Featuring new fiction by Mary Robinette Kowal, Jordan Taylor, Jana Bianchi, Natalia Theodoridou, Ana Hurtado, Cheri Kamei, and Angela Liu. Essays by John Scalzi, Alex Jennings, Cecilia Tan, and Amanda Wakaruk and Olav Rokne, poetry by Ali Trota, Ai Jiang, C.S.E. Cooney, and Sodïq Oyèkànmí, interviews with Jordan Taylor and Natalia Theodoridou by Caroline M. Yoachim, a cover by Galen Dara, and an editorial by Lynne M. Thomas and Michael Damian Thomas.
Uncanny Magazine is a bimonthly science fiction and fantasy magazine first published in November 2014. Edited by 2016, 2017, 2018, 2019, 2020, 2022, 2023 Hugo Award winners for best semiprozine, and 2018 Hugo Award winners for Best Editor, Short Form, Lynne M. Thomas and Michael Damian Thomas, and Monte Lin, each issue of Uncanny includes new stories, poetry, articles, and interviews.
My Review:
This entry in my Hugo Award nominee readings moves the dial from the novelettes to the short stories. I picked this one to go first in that category because the author is one that I’ve certainly enjoyed in longer forms, notably her Lady Astronaut series and The Spare Man.
Having finished this story, I have a feeling that it made the Hugo Ballot because I’m not alone in that name recognition and affection for her longer works. Because this short just didn’t gel, particularly in comparison to the novelette nominees.
Yes, I know they’re not the same thing, and the novelettes have a bit more room to work, but still, with the novelette nominees even the ones that didn’t work as well FOR ME still had very interesting things to say and/or said those things in interesting ways.
“Marginalia” is, well, the most apropos title this story could have, because that’s exactly what the story feels like – marginalia. Something that got scribbled around the edges of something bigger or more important. It’s also a bit of an academic in-joke as well as a potential explanation for the absolutely stellar giant snail monsters, but from this perspective, it captures the nature of the story a bit too well and not in a good way.
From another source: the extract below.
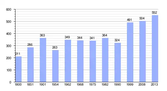 Los datos demográficos contemplados en este gráfico de la comuna de Épisy[5] se han cogido de 1800 a 1999 de la página francesa EHESS/Cassini, y los demás datos de la página del INSEE.[6]

It may be that this is trying to do too many things in a very small number of pages, of which a few too many are taken up by an imperious cat (and I’m saying that in spite of how much I love cats in general and this one in particular), and not nearly enough glitter from the slime left behind by the giant snail monsters.
Those giant snails are the best part.
Overall, this is very much a typical medieval fantasy-type setting, where the main characters are Margery, a young woman caring for her dying mother, her younger brother Hugh, dreaming of adventure beyond their little farm, and the nobleman Lord Strange doing his best to keep his lands and people safe from the rampaging giant snails. And, of course, the snails doing the rampaging.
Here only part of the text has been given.